The loudest critic of ICANN's new gTLD program is the Association of National Advertisers (ANA), which is conducting a full-court press to persuade the Commerce Department to force ICANN to stop or postpone the program's January launch. ANA's primary complaint is about the cost for U.S. corporations to purchase defensive registrations for their trademarks in the new name extensions.

"This cost alone could be in the hundreds of thousands of dollars per brand name, creating a multimillion dollar liability for major corporations and a multibillion dollar cost to the industry," Daniel Jaffe, executive vice president of government affairs at the ANA, told the Senate during its recent hearing on new gTLDs. Jaffe also cited concerns about consumer confusion resulting from the new Internet names as well as the risk of increased cybersquatting.

Angela Williams, senior vice president and general counsel of the YMCA, told senators that U.S. nonprofits are worried that "the enormous cost and financial burdens of the proposed structure of the new Generic Top-Level Domain Name Program will pose severe hardship and burdens on each of us. We also share concern about the increased risk of public confusion ... resulting from unauthorized use of organizational trademarks."

Another outspoken opponent of the new gTLD program is Federal Trade Commission Chairman Jon Leibowitz, who on Dec. 16 sent a letter to ICANN stating that the new gTLD program as currently organized "could pose a significant threat to consumers and undermine consumer confidence in the Internet."

The FTC has asked ICANN for a number of changes to the program, such as reducing the number of new gTLDs that will be approved in the first round, monitoring consumer issues that arise during this round, and assessing each proposed gTLD from the perspective of consumer harm that it could cause.

Despite the loud criticism of the new gTLD program from many quarters, it appears that there is little that the FTC or U.S. Congress can do to stop or delay the ICANN plan. At a Dec. 8 hearing of the Senate Committee on Commerce, Science and Transportation, Sen. Amy Klobuchar (D-Minn.) admitted such and merely requested that ICANN "listen to our concerns as you go forward."

The House Energy and Commerce Committee Subcommittee on Communications and Technology held a similar hearing Dec. 14, where members urged ICANN to run a pilot project first before opening up the Internet to hundreds -- perhaps thousands -- of new domain name extensions. But the House also lacks authority to require this change.

Meanwhile, ICANN continues to defend its new gTLD program as the result of five years of debate that was open to all Internet stakeholders. ICANN says the hundreds -- perhaps thousands -- of new gTLDs will increase competition, choice and innovation for organizations that do business online. ICANN also says the new gTLDs will offer better protection for intellectual property and better defense against malicious conduct than the original gTLDs, such as .com, .net and .org.

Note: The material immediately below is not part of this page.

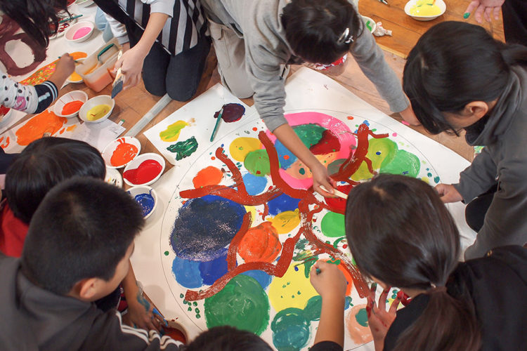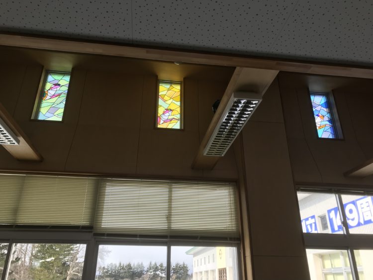 平成22年度、当時5年生だった生徒たちが、ワークショップで自由気ままに表現した18枚のデザイン画を、同小学校の卒業生である八戸市出身の壁画アーチストはやしまりこさんが3点のデザインにコラージュしてまとめ、それをステンドグラスにしたそうなのです。

Kurt Pritz, senior vice president of stakeholder relations at ICANN, told the Senate committee that the new gTLD program "is consistent with ICANN's mission to increase consumer choice, competition and innovation. Organizations will now have the opportunity to apply for gTLDs in the scripts of the world's languages, to open the world's marketplace further and to welcome the next billion non-English speaking users to the Internet."

Experts predict the new gTLD program will kick off in January as planned.

"I'm cautiously optimistic" that ICANN will launch the new gTLD program on Jan. 12, said Alexa Raad, former CEO of the .org registry and now CEO of Architelos, which offers consulting services to domain name registries. Delaying the program is "a political risk not only to ICANN but to the Internet in general. The economic interests who have been planning and wanting new gTLDs are going to go forward and they are going to give up on the consensus-building approach taken by ICANN. ... It's going to fracture the DNS root and that's irrevocable harm."

ICANN has been debating its new gTLD program for five years and finally gave it the go-ahead in June.

MORE: ICANN finally approves expansion plan for top-level domains

Currently, the Internet has 22 gTLDs, including .com, .net and .org. More than 215 million domain names were registered as of August 2011, with .com names accounting for more than 90 million of them, according to Verisign.